Как только они это сделали, дверь захлопнулась, и провожатый остался снаружи. Сестры очутились в небольшой прихожей, тускло освещенной одной-единственной лампой и с внешним миром сообщавшейся только этой, теперь плотно закрытой дверью. На противоположной стороне прихожей они увидели полуоткрытую дверь во внутренние покои.

— Теперь уже не время колебаться, Джемайма, — сказала леди Босуэл и тотчас твердым шагом вступила в комнату, где, окруженный книгами, картами, алхимическими приборами и другой утварью весьма своеобразного вида и формы, им предстал сам чернокнижник.

Наружность итальянца отнюдь не поражала своеобразием. На вид ему было лет пятьдесят, смуглый цвет лица и резкость черт свидетельствовали о южном происхождении; одет он был просто, но изящно, во все черное, — в те времена врачи повсеместно так одевались. Комната, прилично обставленная, была освещена большими восковыми свечами, стоявшими в высоких шандалах. Когда сестры вошли, он встал и, хотя они были одеты весьма невзрачно, приветствовал их со всем тем почтением, на которое они имели право по своему высокому званию и которое иностранцы особенно щепетильно подчеркивают при встречах с теми, кому надлежит оказывать такого рода почет.

Леди Босуэл попыталась было сохранить свое воображаемое инкогнито и, когда доктор пригласил ее перейти на другой, более парадный конец комнаты, жестом отклонила это изъявление учтивости, как неподобающее их званию.

— Мы люди бедные, сэр, — начала она свою речь, — и только горе моей сестры побудило нас… просить лицо столь знаменитое поведать нам…

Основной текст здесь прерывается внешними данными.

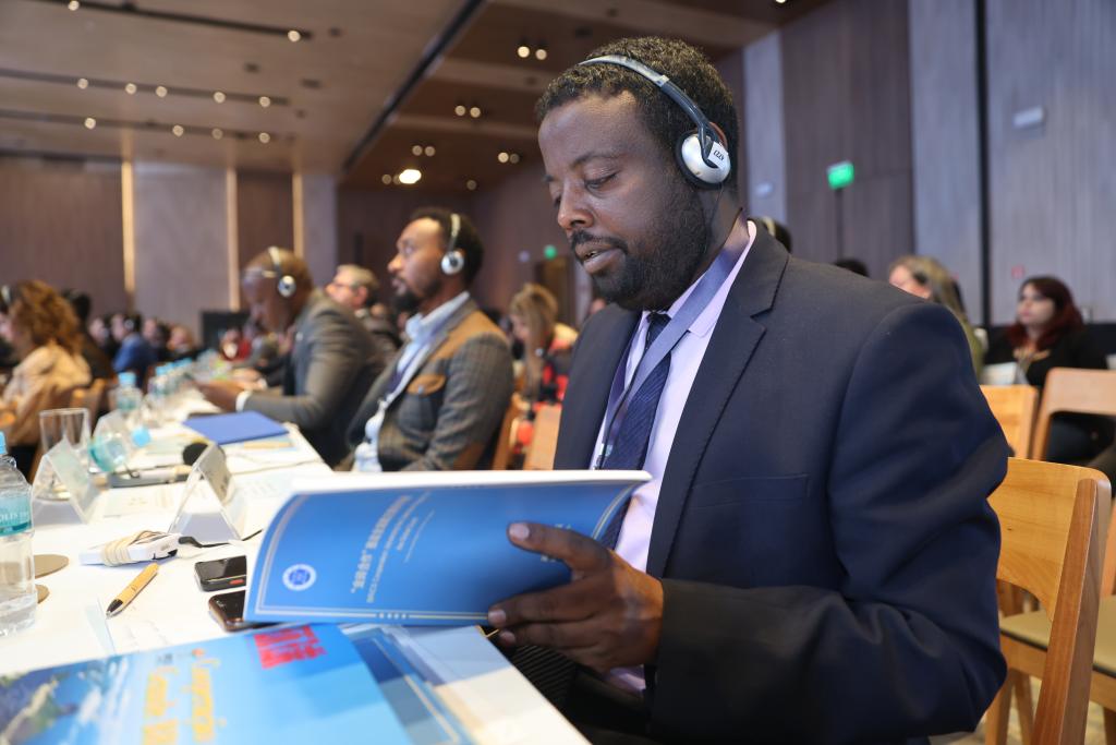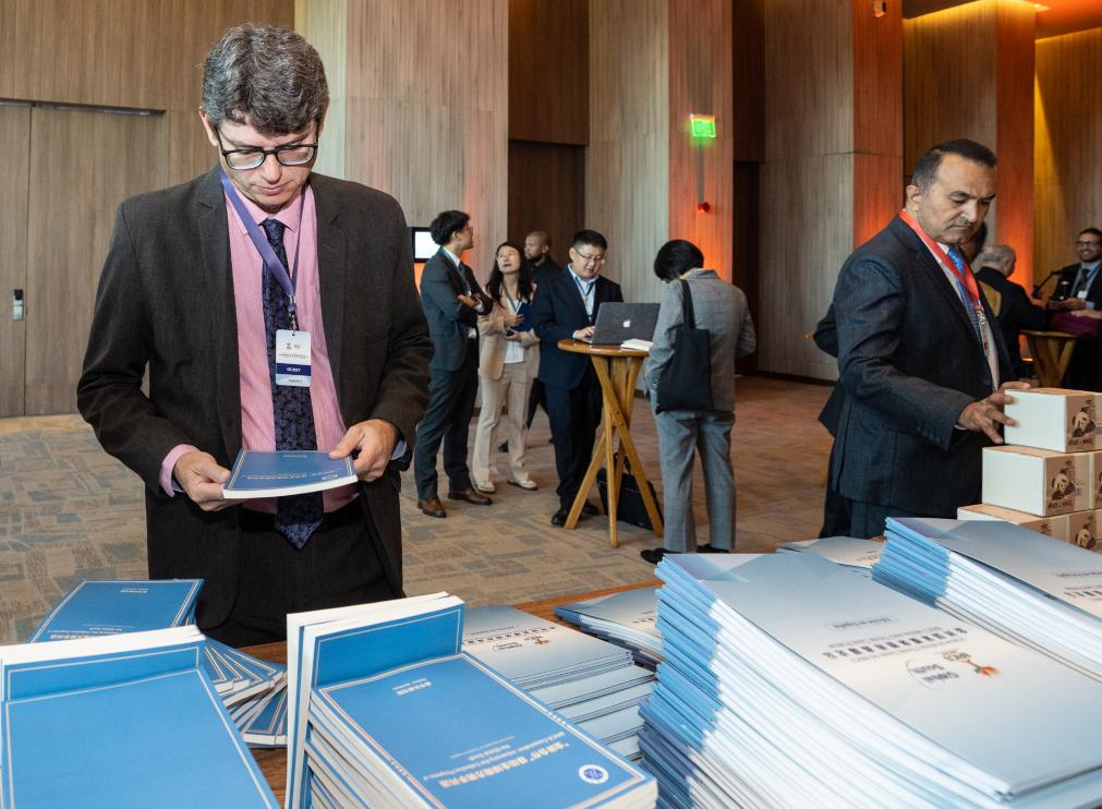 16日、新華社の政策研究組織「国家ハイエンドシンクタンク」が発表した報告書に目を通す来場者。(リオデジャネイロ=新華社記者/李夢馨)

Падуанец с улыбкой прервал ее:

— Сударыня, я знаю, что ваша сестра в горе, я знаю и причину ее страданий; мне известно также, что меня соизволили посетить две дамы самого высокого ранга — леди Босуэл и леди Форестер. Не сумей я отличить их от особ того звания, на принадлежность к которому призвана указать их одежда, вряд ли я мог бы удовлетворить их желание и дать им те сведения, за которыми они изволили прийти.